━━━ EXERCISE MATERIAL

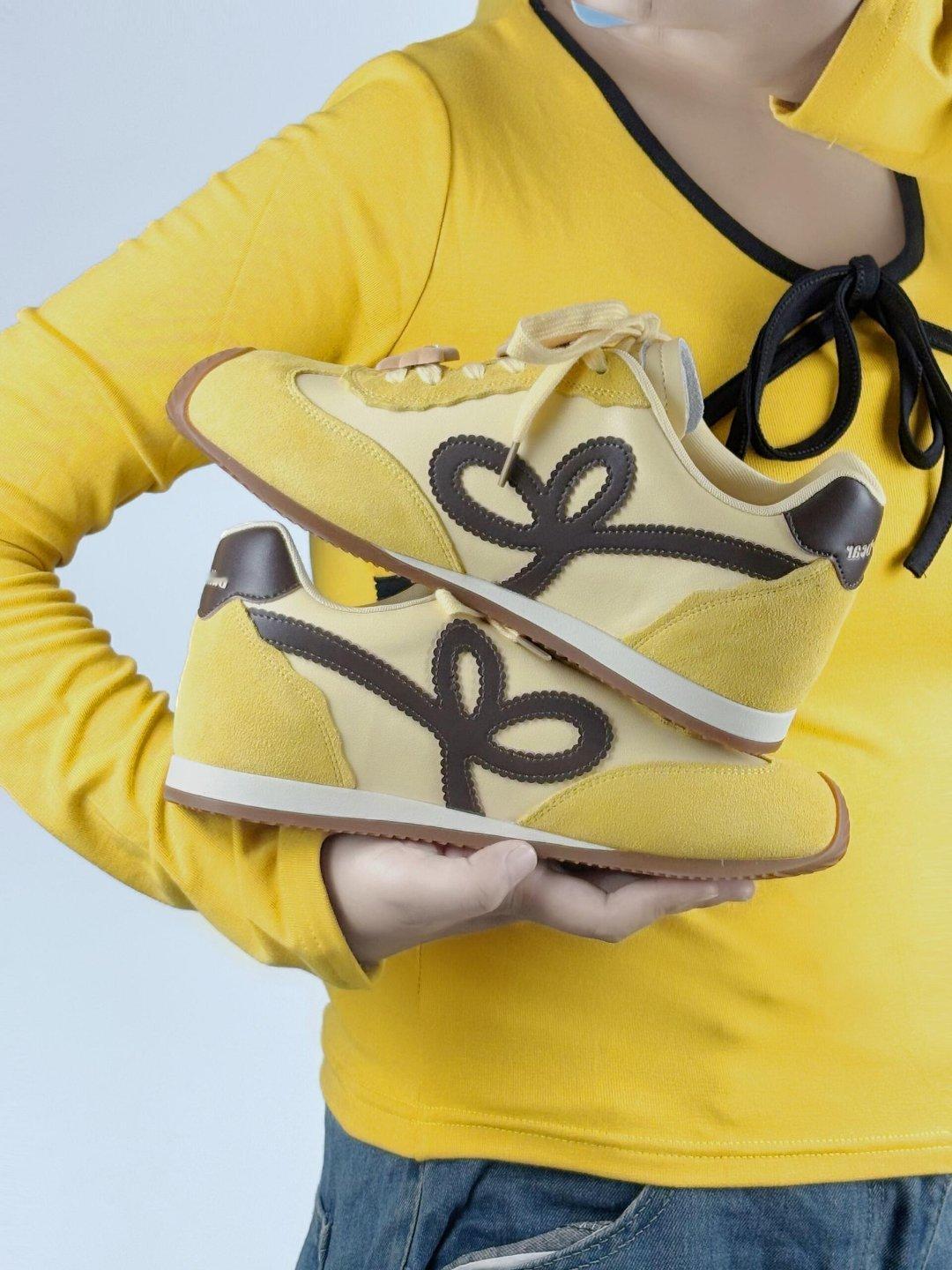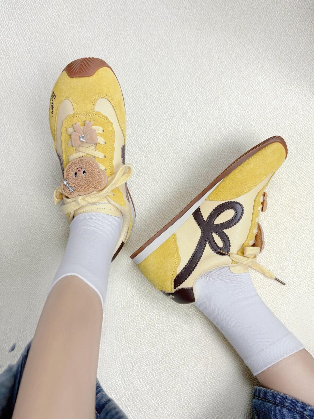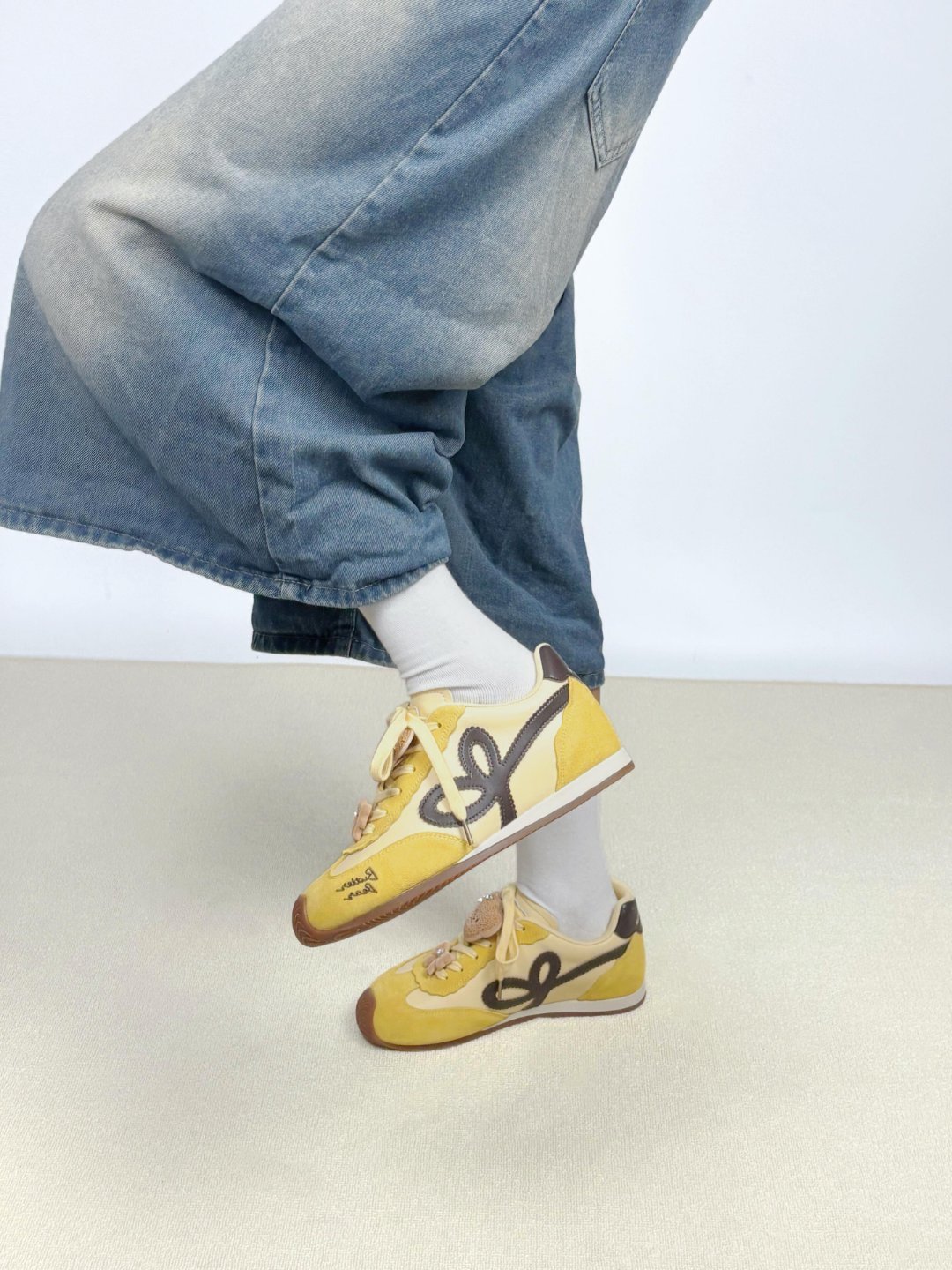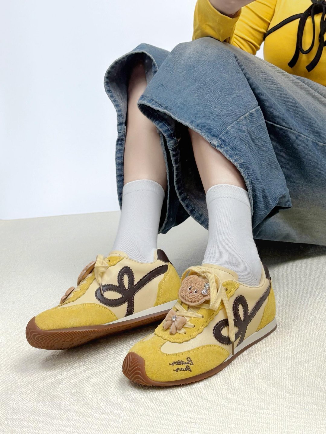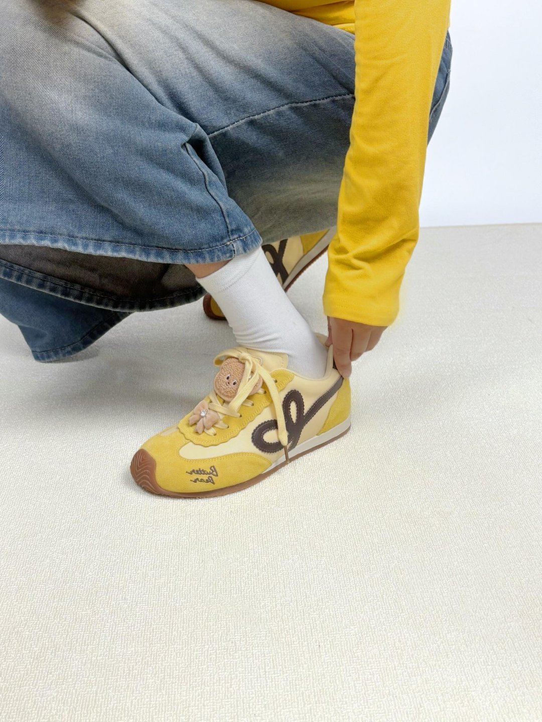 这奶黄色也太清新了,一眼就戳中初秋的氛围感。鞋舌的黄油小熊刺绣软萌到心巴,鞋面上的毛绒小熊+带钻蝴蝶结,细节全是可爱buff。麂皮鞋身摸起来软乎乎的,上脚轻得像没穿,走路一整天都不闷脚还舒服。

━━━━━━
━━━ EXERCISE MATERIAL

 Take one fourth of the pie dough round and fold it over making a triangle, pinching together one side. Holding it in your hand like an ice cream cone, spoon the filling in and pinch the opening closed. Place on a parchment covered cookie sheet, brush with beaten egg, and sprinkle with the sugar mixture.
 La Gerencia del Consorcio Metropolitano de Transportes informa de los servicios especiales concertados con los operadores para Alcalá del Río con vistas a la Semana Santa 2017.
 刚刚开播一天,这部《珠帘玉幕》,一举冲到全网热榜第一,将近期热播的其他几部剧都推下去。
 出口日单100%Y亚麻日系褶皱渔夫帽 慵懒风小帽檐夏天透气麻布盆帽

━━━━━━

▶ EXERCISE OBJECTIVE: Go to the line with "Take one fourth" in the entries above and repeat every line from there through the line with "出口日单100%Y亚麻日系褶皱渔夫帽 慵懒风小帽檐夏天透气麻布盆帽", exactly and with no other text.

▶ ANSWER AREA:
 Take one fourth of the pie dough round and fold it over making a triangle, pinching together one side. Holding it in your hand like an ice cream cone, spoon the filling in and pinch the opening closed. Place on a parchment covered cookie sheet, brush with beaten egg, and sprinkle with the sugar mixture.
 La Gerencia del Consorcio Metropolitano de Transportes informa de los servicios especiales concertados con los operadores para Alcalá del Río con vistas a la Semana Santa 2017.
 刚刚开播一天,这部《珠帘玉幕》,一举冲到全网热榜第一,将近期热播的其他几部剧都推下去。
 出口日单100%Y亚麻日系褶皱渔夫帽 慵懒风小帽檐夏天透气麻布盆帽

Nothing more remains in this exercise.